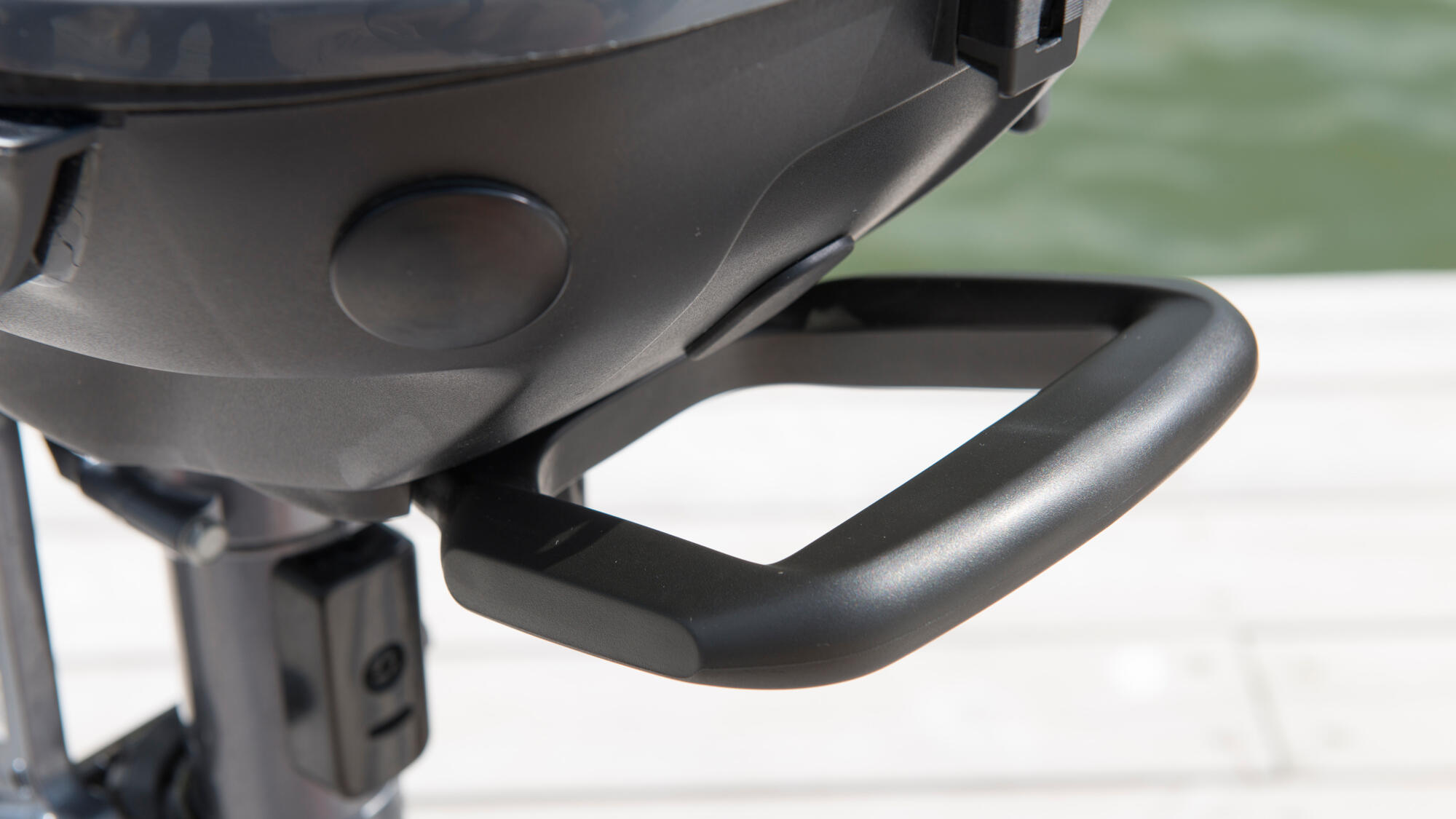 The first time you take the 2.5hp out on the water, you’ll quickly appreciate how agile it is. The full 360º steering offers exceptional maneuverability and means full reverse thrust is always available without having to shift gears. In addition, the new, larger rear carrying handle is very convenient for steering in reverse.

--

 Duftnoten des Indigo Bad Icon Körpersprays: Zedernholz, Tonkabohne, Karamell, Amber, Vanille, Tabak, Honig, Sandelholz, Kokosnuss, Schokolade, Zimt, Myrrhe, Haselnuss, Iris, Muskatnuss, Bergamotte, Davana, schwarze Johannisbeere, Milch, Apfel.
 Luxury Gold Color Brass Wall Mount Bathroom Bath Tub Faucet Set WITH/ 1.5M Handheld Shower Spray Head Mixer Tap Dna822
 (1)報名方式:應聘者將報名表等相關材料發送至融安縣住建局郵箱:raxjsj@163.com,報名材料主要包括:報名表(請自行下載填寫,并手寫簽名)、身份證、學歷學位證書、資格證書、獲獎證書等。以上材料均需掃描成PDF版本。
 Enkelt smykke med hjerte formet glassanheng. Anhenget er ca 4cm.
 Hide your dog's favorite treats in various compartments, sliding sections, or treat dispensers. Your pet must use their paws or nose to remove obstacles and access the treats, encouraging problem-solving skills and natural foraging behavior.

---

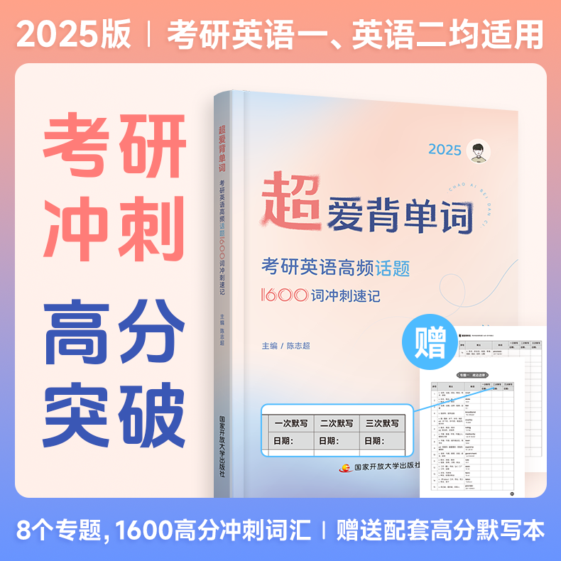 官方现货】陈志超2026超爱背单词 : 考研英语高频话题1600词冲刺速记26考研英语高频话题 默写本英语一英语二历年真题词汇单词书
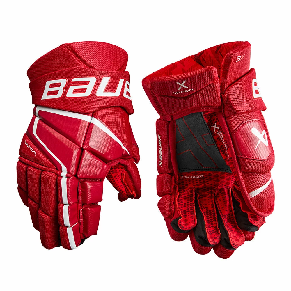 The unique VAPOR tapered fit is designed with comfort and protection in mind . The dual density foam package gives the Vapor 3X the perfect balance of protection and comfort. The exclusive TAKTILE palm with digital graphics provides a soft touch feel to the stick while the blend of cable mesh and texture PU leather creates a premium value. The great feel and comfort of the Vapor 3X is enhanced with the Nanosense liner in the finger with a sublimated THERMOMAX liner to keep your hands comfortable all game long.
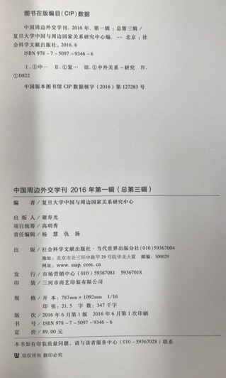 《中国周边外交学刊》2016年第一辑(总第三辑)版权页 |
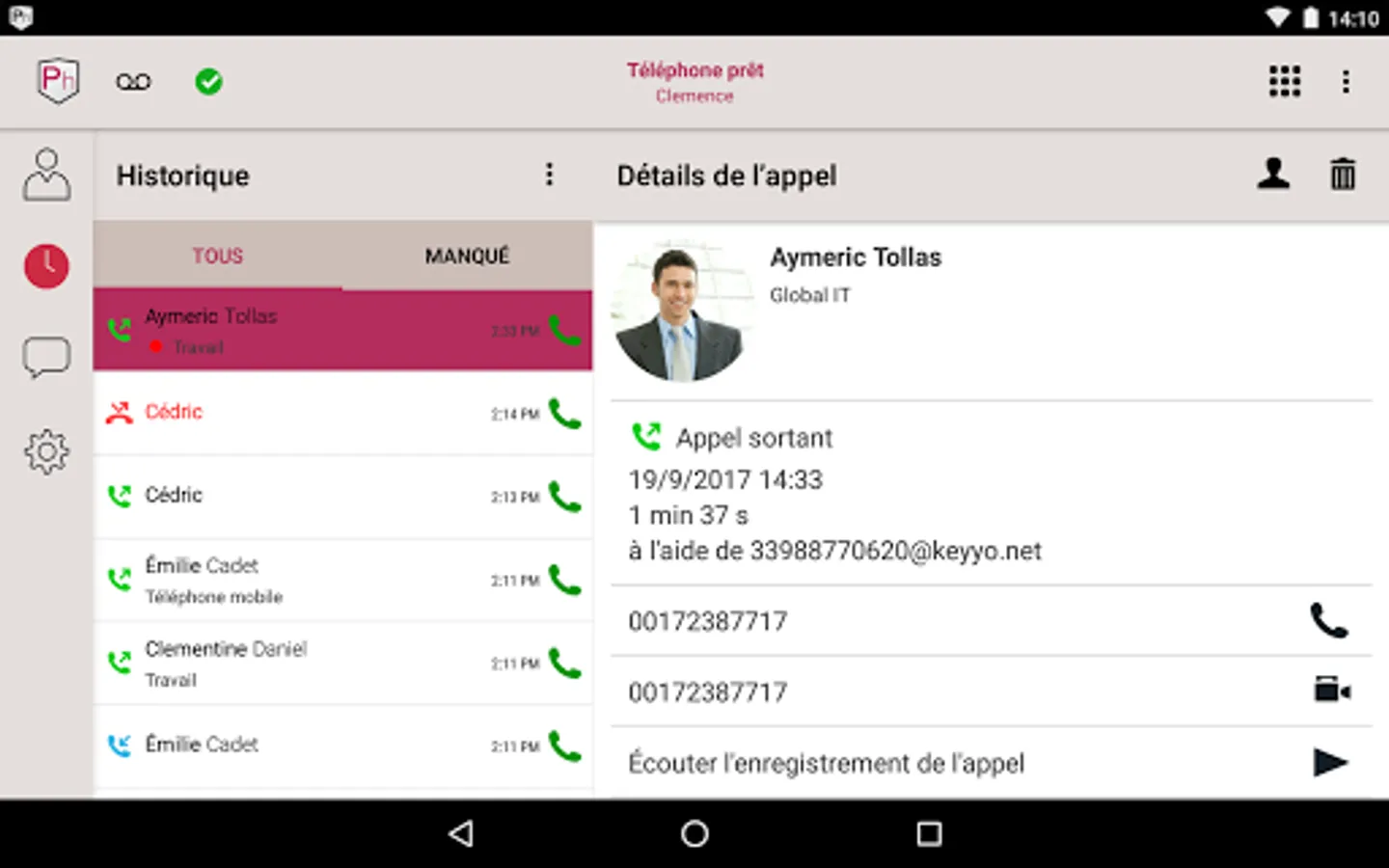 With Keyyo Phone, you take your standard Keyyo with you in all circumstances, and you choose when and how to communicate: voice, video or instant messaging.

*Your objective*
Only the lines above from the line containing "(1)報名方式:應聘者將報名" through the line containing "Hide your dog's" should be retyped, exactly and with both ends included.

*Solution*
 (1)報名方式:應聘者將報名表等相關材料發送至融安縣住建局郵箱:raxjsj@163.com,報名材料主要包括:報名表(請自行下載填寫,并手寫簽名)、身份證、學歷學位證書、資格證書、獲獎證書等。以上材料均需掃描成PDF版本。
 Enkelt smykke med hjerte formet glassanheng. Anhenget er ca 4cm.
 Hide your dog's favorite treats in various compartments, sliding sections, or treat dispensers. Your pet must use their paws or nose to remove obstacles and access the treats, encouraging problem-solving skills and natural foraging behavior.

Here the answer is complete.